Rupee's performance has been an outcome of improvement in macroeconomic factors like decline in current account deficit (CAD), higher levels of foreign reserves and lower inflation. A part of the appreciation-level was also added by PM Narendra Modi's BJP government win in State Elections 2017 and US Federal Reserve 25 basis point rate hike which weakened dollar index further.

Mundra's announcement came hours after when rupee closed at a 17-month high of 65.04 on Monday, appreciating by 37 paise in one session – a highest closing for the domestic currency since October 28, 2015 – where it settled at 64.93-level.

As per Nirmal Bang Research, RBI intervention is decreasing as forex market turnover has more than trebled in past decade indicating INR to be more market-determined or more sensitive to foreign portfolio flows.

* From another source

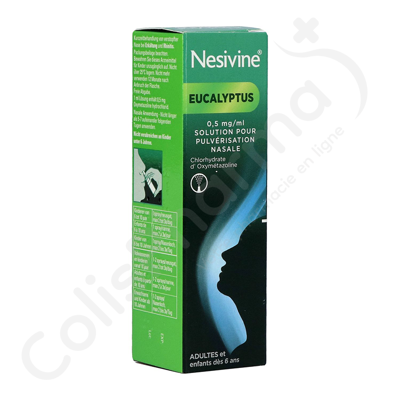 Nesivine Eucalyptus is een neusspray die oxymetazoline bevat en wordt gebruikt ter verlichting van plaatselijke symptomen van neusverstopping bij verkoudheid of rhinitis bij volwassenen en kinderen van 6 jaar en ouder.

NSDL data show that FPI/FII are net buyers by investing a total of Rs 52,309 crore from January 2017 - till date in both debt and equity markets. 

Though USD-INR has outperformed Asian peers, it has been broadly in line with Emerging Market (EM) currencies, as measured by JP Morgan Emerging Market Currency Index.


To maintain right amount of volatility, RBI has actively intervened in the spot market. Usually, RBI purchases USD in times of heavy inflows and sells in times of outflows, thereby limiting swings in INR.  

The central bank also stepped up its intervention in the period after the taper tantrum of 2013, which involved the Foreign Currency Non Residential (FCNR) scheme.


However, this intervention of RBI is now declining. 

Currently, forex reserves are at 6.7x FY02 levels,  the spot FX market turnover has increased to 13.3x FY02 levels. Thus,  FX reserves as a percentage of FX market turnover has fallen from 12.1% in FY02 to about 6% in FY17E.

Such results in limited scope for RBI to intervene in exchange rate. 

Teresa John, analyst, Nirmal Bang said, "For the RBI to effectively stem INR depreciation, it will have to draw down a larger share of its reserves, weakening macro fundamentals in the interim which may lead to capital outflows and result in further depreciation. "

In times of INR appreciation, John said, "RBI will have to buy more USD to effectively stem appreciation, which increases liquidity in the system. The higher level of liquidity could potentially be inflationary unless sterilised, and sterilisation through issuance of Market Stabilisation Scheme (MSS) bonds could mean higher costs to the exchequer."

However, from Nirmal Bang's survey markets are anticipating INR to depreciate from current levels in the next 12 months. 
 


 

The report said, "A higher current account deficit or CAD going forward and inflation differentials with the developed world suggests a depreciation bias too."